In short, we are using the equal sign very differently: in the first case we are using it as the equivalence relation in the field of real numbers. In the second case, we are really talking about vector space equivalence.

We see this multiple use in calculus all the time; for example $\int \int_{A} f dx dy = \int \int_{A} f dy dx$ but $\int \int_{A} f dx\wedge dy = -\int \int_{A} f dy\wedge dx$ Of course, the first is the usual non-oriented integral that we talk about in calculus courses (absolute values of the Jacobians!) and the latter is the oriented integral that we use for 2-forms, which, when you think about it, is the logical extension of the usual calculus I definite integral.

There are certainly more examples.

What got me to thinking about this was an office hour encounter I had with a numerical methods student (a good student who is doing solid work in the course). We were talking about various methods of solving the matrix problem $AX = B$ where $X$ is a column vector of variables and $B$ is the “answer” vector of numbers. We were discussing the number of operations (multiplications/divisions and additions/subtractions) required to obtain a solution if we had that $A = LDU$ where $D$ was a diagonal matrix with non-zero entries, $L, U$ are lower and upper triangular matrices (respectively) with 1’s on the diagonal.

She kept on being off by a peculiar factor on the multiplication count.

Eventually we figured out the problem. When we converted the matrix equations to equations, she was counting the matrix entry multiplied by the unsolved for variables as a multiplication. Why?
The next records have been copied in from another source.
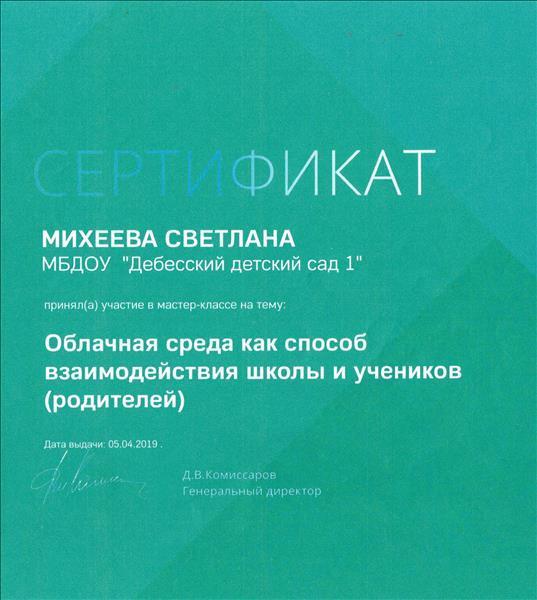 Сертификат участника мастер-класса "Облачная среда как способ взаимодействия школы и учеников (родителей)", 2019 год
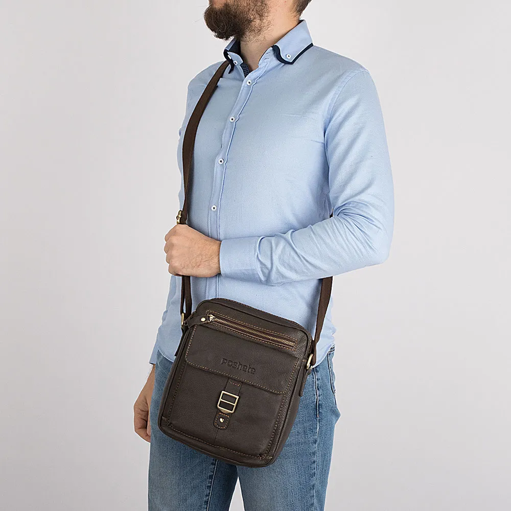 Стильная удобная мужская сумка из натуральной кожи от бренда Poshete. Клапан на лицевой стороне украшает декоративная пряжка приглуш енно-золотистого цвета. На лицевой и задней сторонах есть прорезные карманы на молниях. Под клапаном еще один вместительный карман. Внутренняя часть отделана плотной брендированной подкладкой. Сумка носится через плечо на регулируемом плечевом ремне из текстиля. Цвет модели - темно-коричневый.
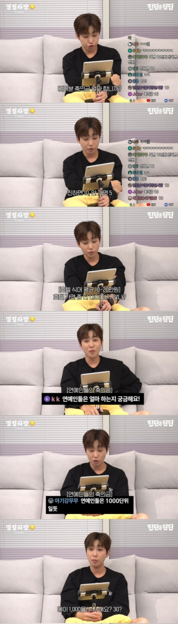 딘딘이 말하는 연예인들의 결혼식 축의금 액수
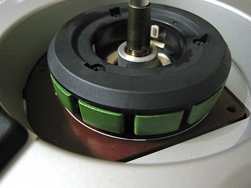 這唱盤盤面靠著4個支撐的彈簧,坐落在長方形的塑膠"臉盆"底座上。
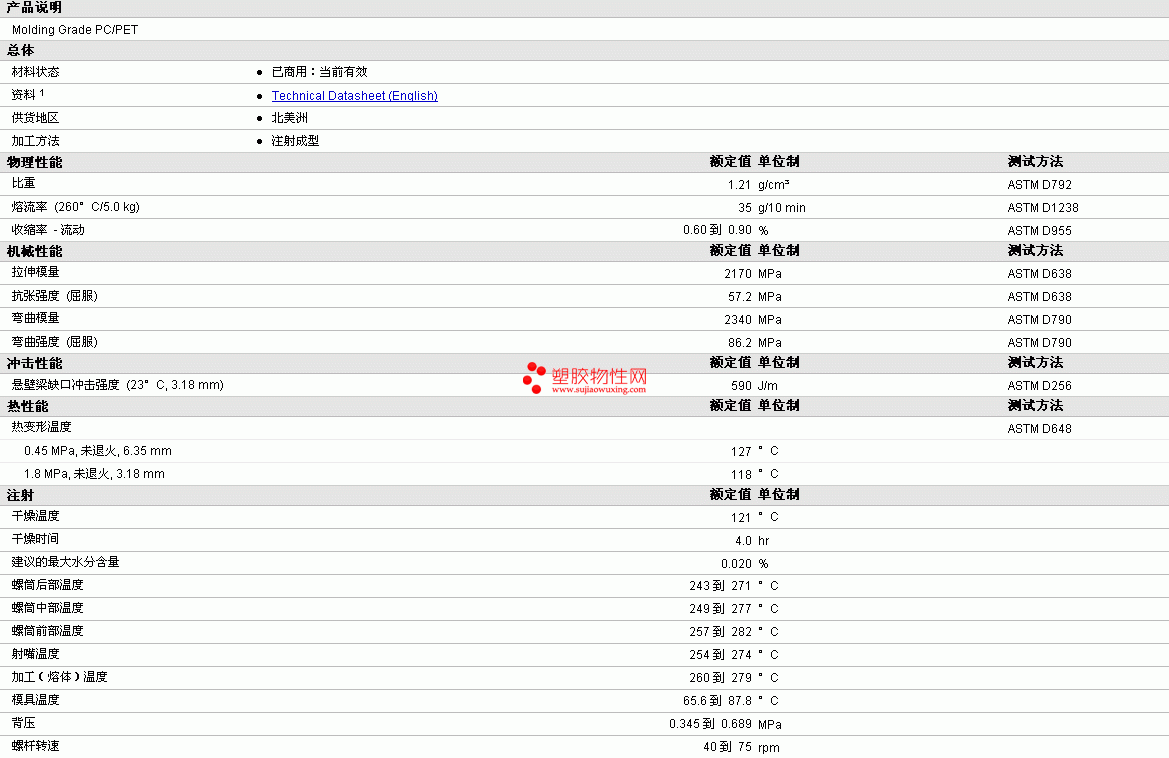 NEXUS PC/PET PC/PET7901物性表如图所示
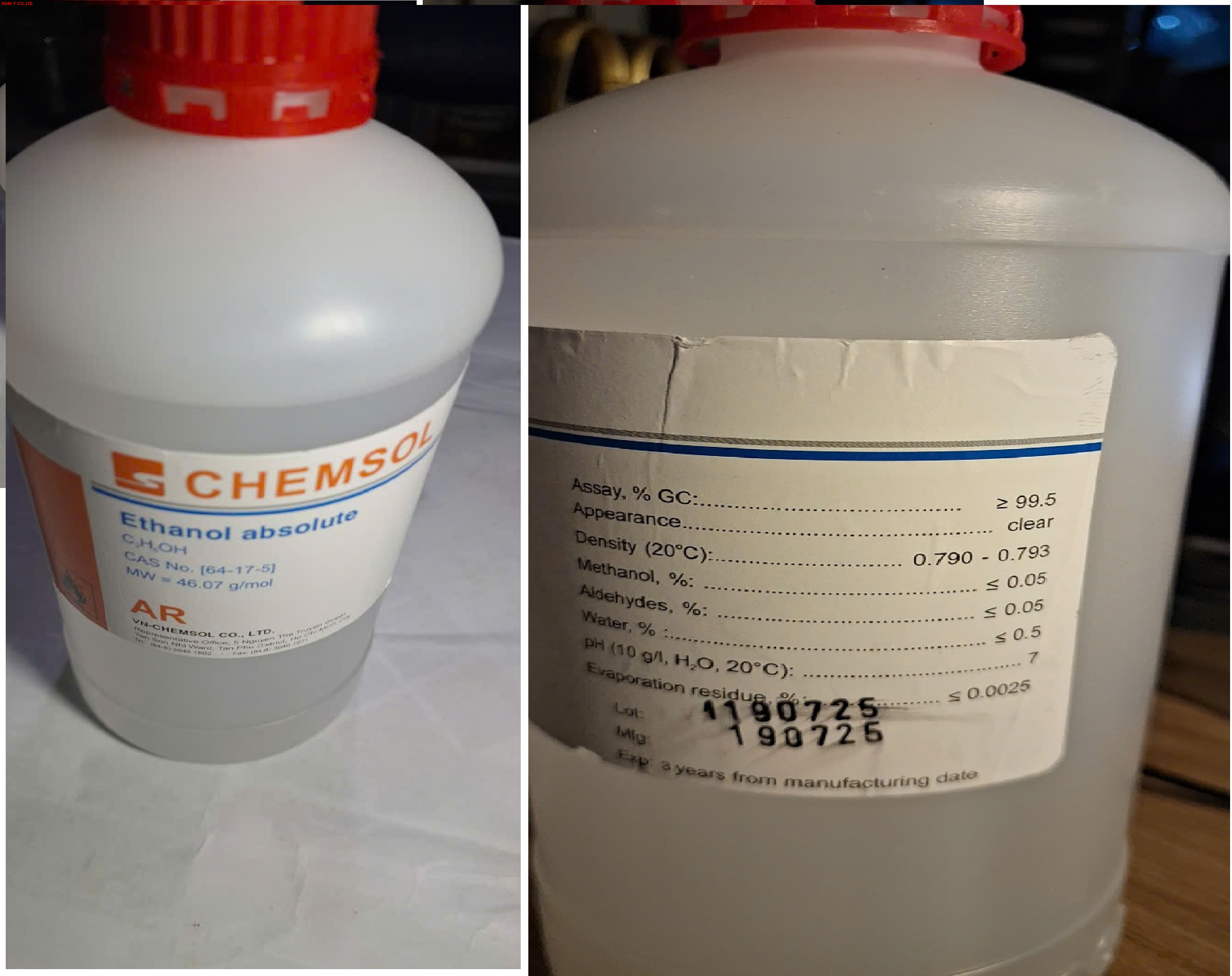 Tên sản phẩm: Cồn tuyệt đối 99.5 Ethanol Absolute (Chemsol) tinh khiết thí nghiệm

Well, once we solved for the variable we then counted operations with it AFTER it had been “solved for”. Example: given $a_{1,1}x_1 +a_{1,2}x_2 = 3, a_{2,2}x_2=5$ we don’t count the “coefficient times the variable” as a multiplication. But once we solve and obtain $x_2 = \frac{5}{a_{2,2}}$ we then count operations involving $x_2$. (of course, the diagonal elements are non-zero).

It is clear why we do this: prior to being solved for, the variables are really storage locations, and we are interested in counting the numerical operations that can contribute to round off error. But when we think about it, we are actually distinguishing between several types of multiplications: matrix multiplication, scalar multiplication in a vector space between a vector and a scalar, and the scalar (numerical) multiplication.

However, explaining that in class might lead to confusion among the students; it is probably best to bring this up only if someone is confused about it.

The language of mathematics can be so subtle that sometimes it probably good pedagogy to speak a bit informally, at least to beginning students.